Gold resilient as yields surge!
07 July 2023
In this week's market update:
Gold prices have stabilised above USD $1,900 per troy ounce (oz), up 1% over the past five trading days.
Silver was softer, falling by 1% to USD $22.70oz, with the gold to silver ratio (GSR) rising to 84.
Currency and equity markets were stable, with the Australian dollar still trading above USD $0.66, while commodity prices have seen a small bounce (+1% for the week), with oil breaking back above USD $70 per barrel.
The biggest move for the week was in bond markets, with yields for 10-year treasuries rising above 4%, with real yields also continuing to rise.
Gold holding strong despite headwinds
Gold has shown impressive resilience in the first few trading days of the new financial year, ignoring a range of headwinds to hold above USD $1,900 per troy ounce.
Those headwinds have included:
A surge in employment in the United States, with the US economy adding almost 500,000 jobs in June, more than double analyst expectations.
Sharp increases in both nominal and real yields, which have risen by 0.20% and 0.13% respectively in the last week alone. Indeed, over the last year, nominal yields on US 10-year treasuries have risen from 2.93% to 4.05%, while real yields have almost tripled, from 0.64% to 1.78%.
Rather than a decline in the face of what is typically seen as a major barrier to gold price growth, the precious metal is +1% over the week, and +1% over the past year, a sign of incredible underlying resilience.
A rebound in risk assets, with cryptocurrencies surging over the last quarter, while equities have been strong for most of the year.
Notable reductions in risk appetite for speculative investors that are long gold, with managed money speculative positions falling to just 108,209 contracts by late June, down 25% from levels seen in early May.

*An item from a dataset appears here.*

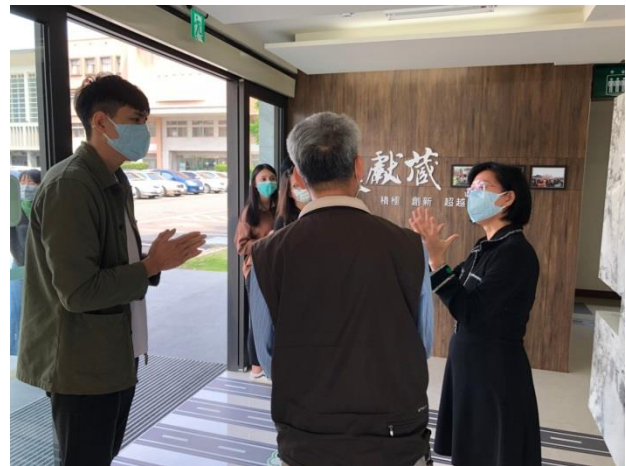
分享本分局檔案布置及金檔獎備審經驗

A continued lack of buying interest from ETF investors, with recent World Gold Council data suggesting these vehicles saw 56 tonnes of divestment in June 2023. Over the first half of the year, despite gold ETFs seeing net negative demand, the price of gold was not only positive (+5% in USD terms), but one of the highest performing assets, outperforming traditional defensive assets like cash and bonds, as well as commodities, which sold off heavily. This is evident in the chart below.

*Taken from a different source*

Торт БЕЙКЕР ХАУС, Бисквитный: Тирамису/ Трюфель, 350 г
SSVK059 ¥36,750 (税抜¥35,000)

Silver is also holding up, with solid support around current levels. The fact the GSR has stabilised is also an encouraging factor, with the expectation being that this ratio will decline once precious metals reassume their primary uptrend.
Given the above backdrop, and the headwinds precious metals have faced, gold has done very well generating a positive return in 2023, and still sitting with 10% of its all-time high.
As a result, we think investors in precious metals as an asset class should be quite pleased, with the market showing an underlying resilience that bode well for the second half of the year.
Asset allocators continue to buy gold
If survey data is anything to go by, the outlook for gold remains positive, with a recent State Street study suggesting more investors will be adding to their holdings in the period ahead.
The survey included more than 1,000 investors with a minimum of $250,000 in investable assets.
Of those surveyed, almost 20% of them had exposure to gold, with an average allocation of some 14% of total portfolio assets. Seventy percent of these investors hold gold as a hedge against inflation and/or economic downturns.
Interestingly, the data on exposure in a portfolio aligns almost perfectly with ABC Bullion analysis of our SMSF trustee client base, which finds allocations of 10-20% of portfolio assets are common for these clients.
Looking ahead, the State Street study found that:
Three percent plan to reduce their gold exposure.
Forty percent plan to keep their exposure steady.
Fifty-seven percent plan to put more money into gold in the coming year.
One factor that would likely see asset allocators, as well as other types of investors, increase their holdings of gold and other precious metals would be an intensification of recessionary risk.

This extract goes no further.